Action item
Begin your copy at the line with "20 件随机颜色迷你光泽哑光豹纹雏菊花发夹,百搭可爱刘海侧夹适合休闲、派对、节日发饰女士爪夹秋季配饰秋冬度假装女士 - 彩色" in the records below and end it at the line with "Добавляем столовую ложку", restating each line word for word; omit the pictures.

The data
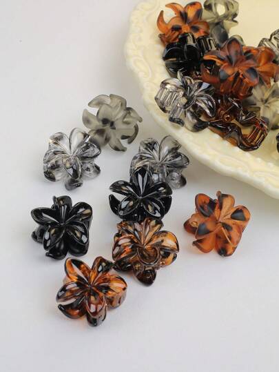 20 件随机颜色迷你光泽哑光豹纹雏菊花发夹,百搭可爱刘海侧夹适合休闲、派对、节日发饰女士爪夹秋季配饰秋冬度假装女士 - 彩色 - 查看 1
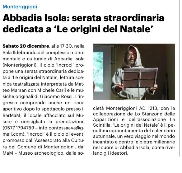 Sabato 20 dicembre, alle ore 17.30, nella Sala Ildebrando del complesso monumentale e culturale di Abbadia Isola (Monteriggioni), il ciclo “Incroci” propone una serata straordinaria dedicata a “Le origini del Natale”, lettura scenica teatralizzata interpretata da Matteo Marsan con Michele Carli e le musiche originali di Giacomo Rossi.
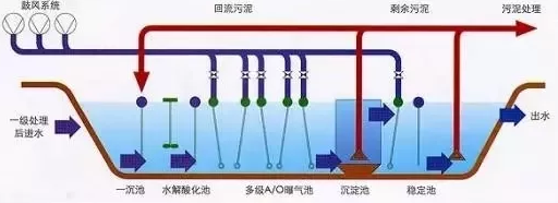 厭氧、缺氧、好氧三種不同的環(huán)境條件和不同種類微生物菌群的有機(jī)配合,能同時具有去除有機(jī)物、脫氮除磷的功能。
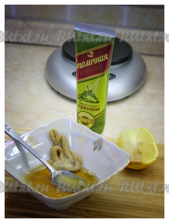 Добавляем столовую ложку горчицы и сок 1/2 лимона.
* * *
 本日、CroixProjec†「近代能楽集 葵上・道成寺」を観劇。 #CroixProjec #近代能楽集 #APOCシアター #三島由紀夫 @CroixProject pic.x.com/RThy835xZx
...
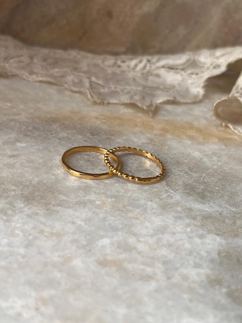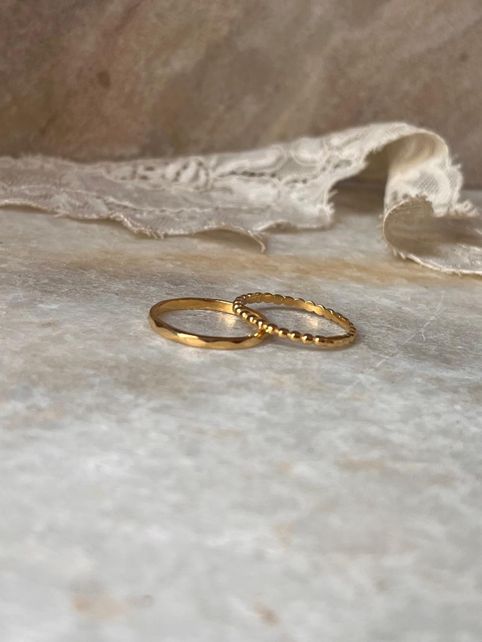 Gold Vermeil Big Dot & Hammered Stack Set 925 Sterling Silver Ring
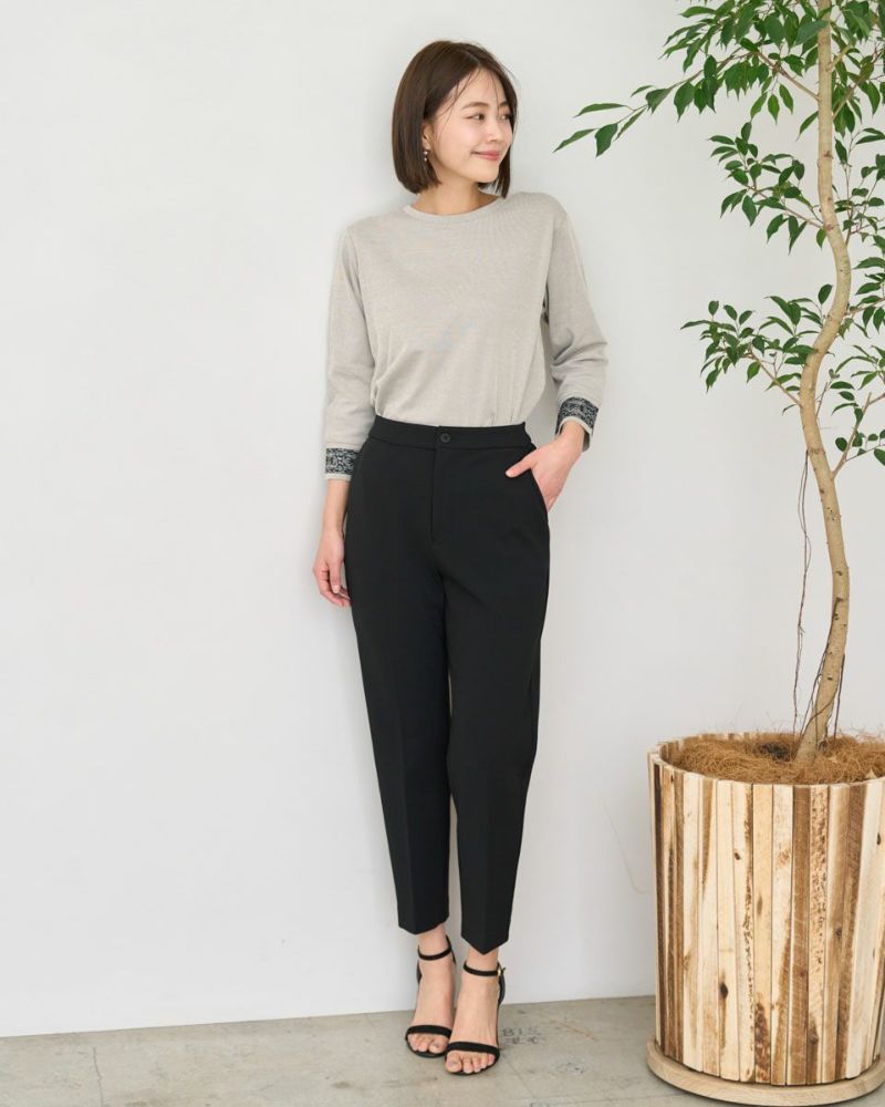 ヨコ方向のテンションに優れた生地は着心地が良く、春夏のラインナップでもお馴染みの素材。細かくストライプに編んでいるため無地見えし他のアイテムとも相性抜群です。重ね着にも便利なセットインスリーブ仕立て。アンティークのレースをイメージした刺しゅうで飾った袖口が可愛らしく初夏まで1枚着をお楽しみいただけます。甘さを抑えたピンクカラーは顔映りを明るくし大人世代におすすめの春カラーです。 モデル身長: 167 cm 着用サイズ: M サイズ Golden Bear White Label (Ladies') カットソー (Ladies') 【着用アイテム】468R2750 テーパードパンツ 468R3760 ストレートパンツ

Task result
 20 件随机颜色迷你光泽哑光豹纹雏菊花发夹,百搭可爱刘海侧夹适合休闲、派对、节日发饰女士爪夹秋季配饰秋冬度假装女士 - 彩色 - 查看 1
 Sabato 20 dicembre, alle ore 17.30, nella Sala Ildebrando del complesso monumentale e culturale di Abbadia Isola (Monteriggioni), il ciclo “Incroci” propone una serata straordinaria dedicata a “Le origini del Natale”, lettura scenica teatralizzata interpretata da Matteo Marsan con Michele Carli e le musiche originali di Giacomo Rossi.
 厭氧、缺氧、好氧三種不同的環(huán)境條件和不同種類微生物菌群的有機(jī)配合,能同時具有去除有機(jī)物、脫氮除磷的功能。
 Добавляем столовую ложку горчицы и сок 1/2 лимона.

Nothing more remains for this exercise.